Her husband has but a small pension,
so she cleans houses.
With no child
of her own, she nevertheless
puts her deceased sister’s children
into their callings – white
turned-around collar for the boy,
nurse’s pin for the girl.
For decades, crouched
under the lash of moral obligation,
could her life have been more
spare, less giving had she
not left her emerald star
in its sky of sea?
We have all known them the little old ladies with a sad story to tell but a story largely kept to themselves so as not to trouble the grandchildren. We secretly wish for divine intervention, a lightning bolt of luck that transforms that losing lottery scratch ticket we all know to be in her purse into a winner capable of transforming her life into “Queen for a day,” a week, a month, just long enough to make her forget her past and smile the broad grin of someone inhaling life for the first time with the appetite of a hungry child. Alas life rarely works out that way and the poet is left with immortalizing a life that would otherwise be forgotten, a life that, without the poet, would cease with its passing.
Mrs. Dory’s Teacups
When her husband was alive a porch was called veranda, Later,
the New York Times became her seat on the stoop
of a four-story, run down walk-up.
Lines in her heavily rouged face, if placed end to end
could mark distance greater then the dimensions of her world –
the stoop and one room just inside the building’s front door.

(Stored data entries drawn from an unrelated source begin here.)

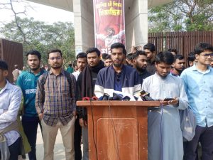 সংবাদ সম্মেলনে ছাত্র সংসদ প্রসঙ্গে উপাচার্যের অনগ্রসরতার অভিযোগ তুলে অর্থনীতি বিভাগের শিক্ষার্থী  শিবির নেতা মেহেদি হাসান বলেন, উপাচার্য একটি নির্দিষ্ট গোষ্ঠীর ইচ্ছাকে গুরুত্ব দিয়ে সাধারণ শিক্ষার্থীদের ন্যায্য অধিকার উপেক্ষা করেছেন। তিনি কৌশলগতভাবে সময় ক্ষেপণ করে জাতীয় নির্বাচনকে সামনে রেখে ছাত্র সংসদ নির্বাচন এড়িয়ে গেছেন। দীর্ঘ আন্দোলনের পরও ছাত্র সংসদ না পাওয়ায় শিক্ষার্থীদের মধ্যে চরম হতাশা তৈরি হয়েছে বলে দাবি করেন তিনি।
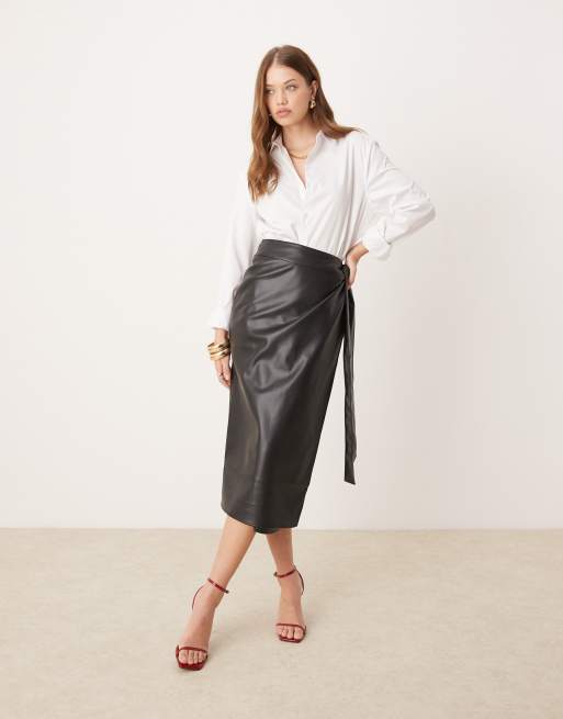 Never Fully Dressed – Svart midi-kjol i PU och omlottdesign
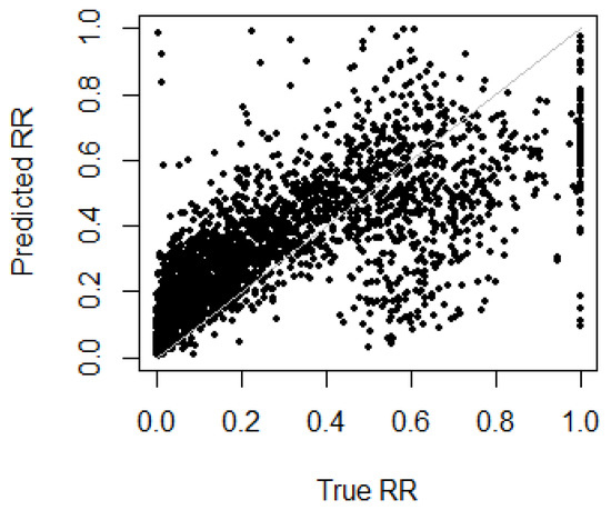 Predicted RR against true RR on test data () using beta mixture with the indifferent prior, combined with logistic regression.
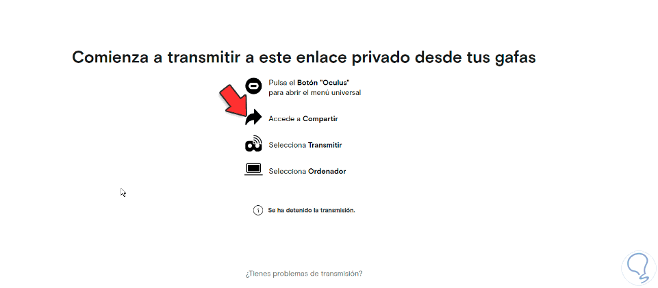 Ahora vamos a las Oculus y pulsamos en el icono de "Compartir" y después en "Transmitir"
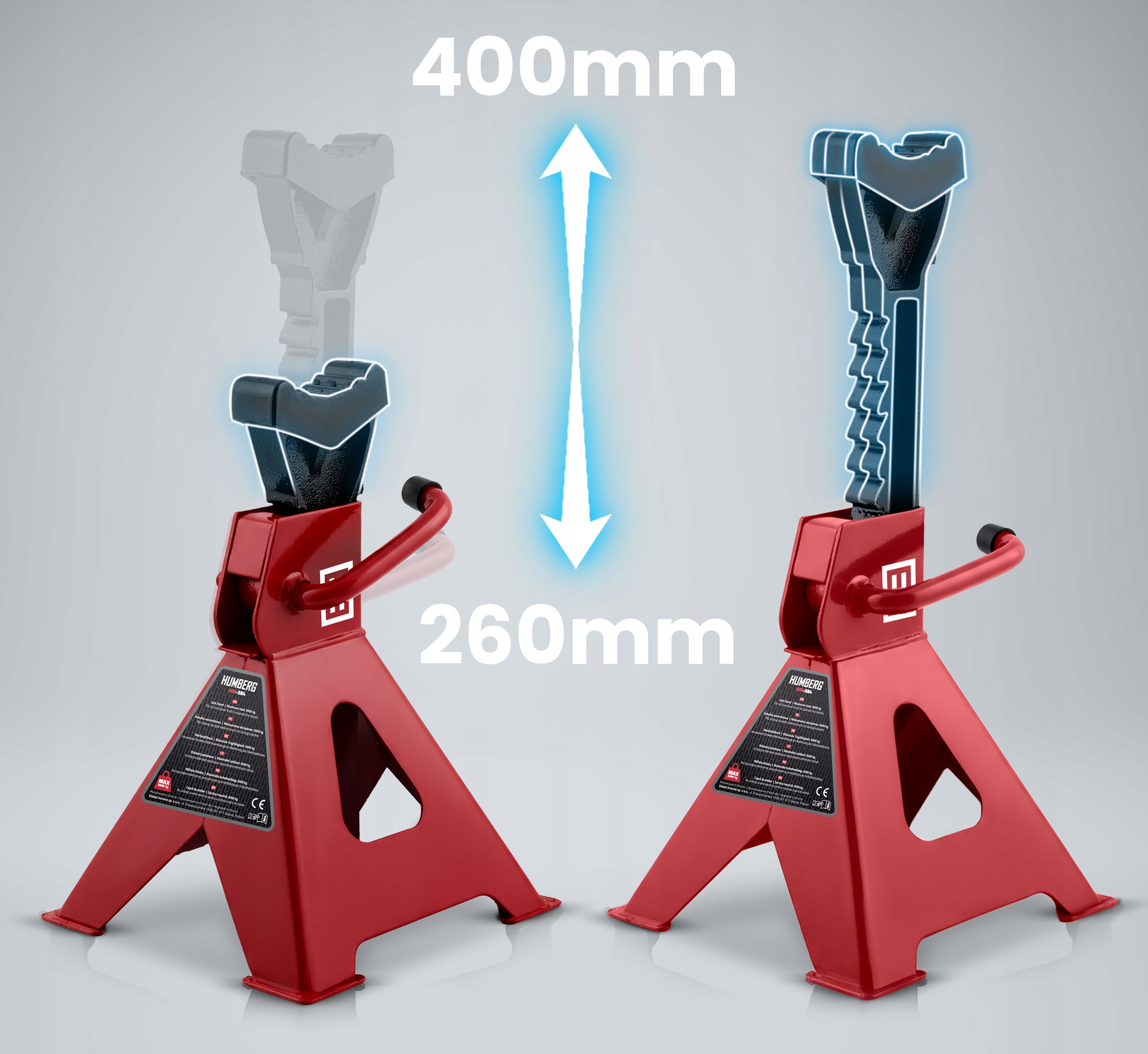 Качалки оснащены удобным храповым механизмом, позволяющим быстро и безопасно регулировать высоту в диапазоне от 260 мм до 400 мм. Благодаря этому вы легко сможете установить транспортное средство на нужном уровне – не суетясь и не теряя времени.
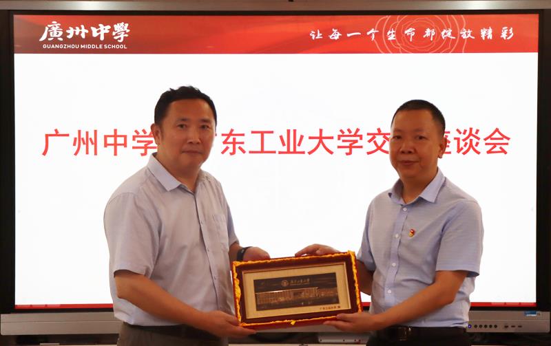 领导班子等一行人,同广州中学校长李强、副校长林少玲和副校长刘允飞等领导老师展开了亲切的交流。李强校长对广工一行人的到访表示热烈的欢迎。李校长从广州中学创立的背景、智慧化校园的建设、“一体两翼三层五维”的特色课程、科技创新等方面介绍了学校的基本情况。
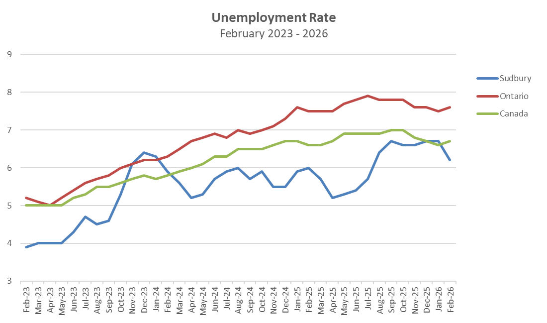 The unemployment rate for Greater Sudbury (Census Metropolitan Area) in February is 6.2%. The unemployment rate in Ontario is 7.6% and Canada is 6.7%.

The closest thing she came to activity was watching
UPS deliveries and girls playing hopscotch near the curb.
Her neighbor Todd ran errands for her. She’s offer him
coca in one of twelve teacups she and Mr. Dory brought
from their native England. Matching plates were sold
to pay for her husband’s cremation,
so she used saucers to serve her home-made scones.
Todd would run his fingers along the cup’s
fourteen-carat rose petals and smile.
She’s sip tea, her little finger extended, speak with clipped
eloquence about children she couldn’t have, her favorite nephew,
slightly older than Todd, who roomed in Greenwich Village
with a friend. She’d ask Todd why he blinked his eyes
so often.
Why at almost eighteen, he’d never dated.
When Mrs. Dory died some months later, her building super
gave Todd a box and a note. Ten teacups were exchanged for
scattering her ashes over Sleepy Hollow.
Two cups were for Todd. The note
included her nephew’s number.
And so it goes. This is a beautiful book of poetry. I recommend it to all.